It really is an amazing improvement and is a result of the dynamic capabilities of MySQL. NDBCLUSTER was never designed for the type of data people are throwing at it, and with the recent improvements it might actually be viable for use on production web sites for more common usage scenarios.

What I do not see addressed yet with 7.2 is the reload time -- if you have a cluster loaded with several GB of data it can take upwards of 20 minutes to reload the data and indices across the cluster. While the cluster is designed to be up 24x7 (even through upgrades), a single bug or memory error that takes it down can result in a prolonged outage. There are several of these [mysql.com] open in the bug tracker.
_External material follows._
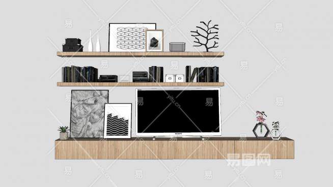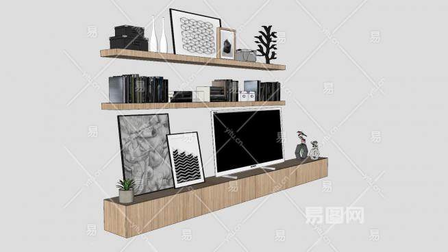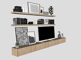 电视柜书本工艺品SU模型下载_sketchup草图大师SKP模型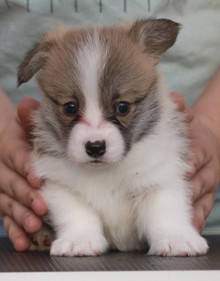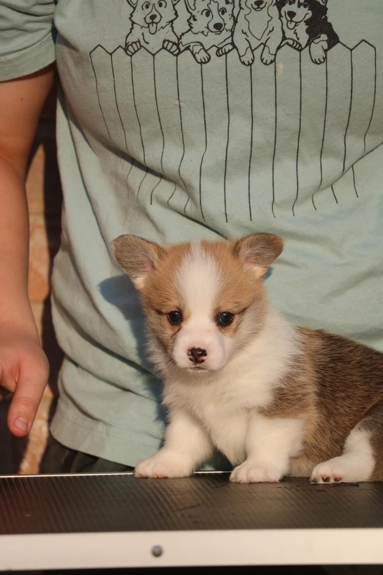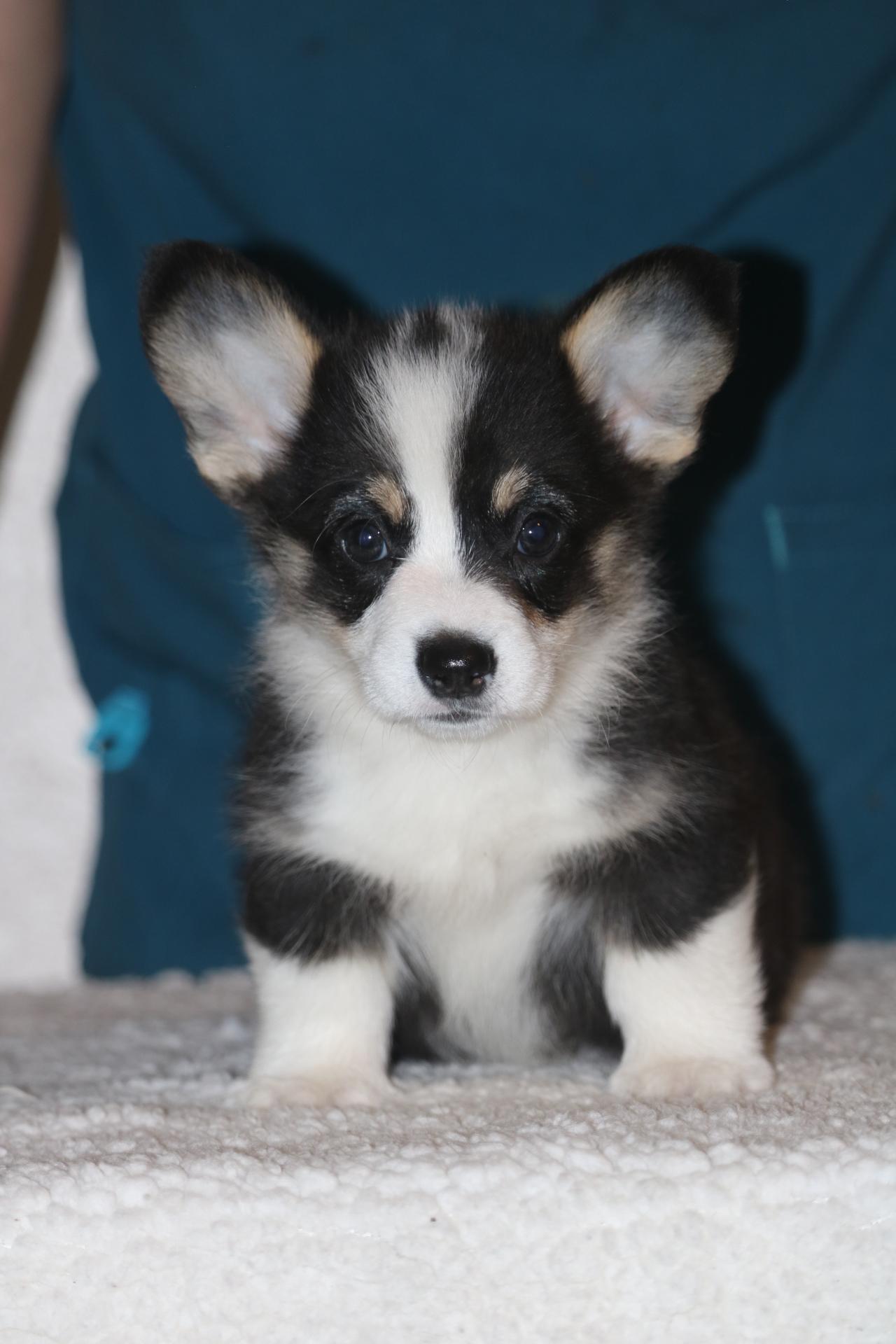Our Cardigan Welsh Corgi puppies include brindle and white, black and white, and blue merle and white. Pembroke Welsh Corgi puppies include fawn, red, and sable. Colors will vary depending on the parent dogs.

Re:Considering sub queries in IN statements. (4, Informative)

Anonymous Coward | more than 2 years ago | (#39064979)

If you create a query in mysql with an IN statement in the where clause and you put a sub query as the in statement current versions will run the query once for each row of the primary table you are querying. Caching result alone would probably get the 70x speed up

We have exactly that in MariaDB 5.3 (a fork of MySQL) : http://kb.askmonty.org/en/subquery-cache. It won't always give the 70x speedup, sometimes you need to start execution from the subquery to get decent performance: http://kb.askmonty.org/en/semi-join-subquery-optimizations.

I am sorry for shameless self-promotion, couldn't resist :-)

Re:Considering sub queries in IN statements. (1)

Anonymous Coward | more than 2 years ago | (#39065135)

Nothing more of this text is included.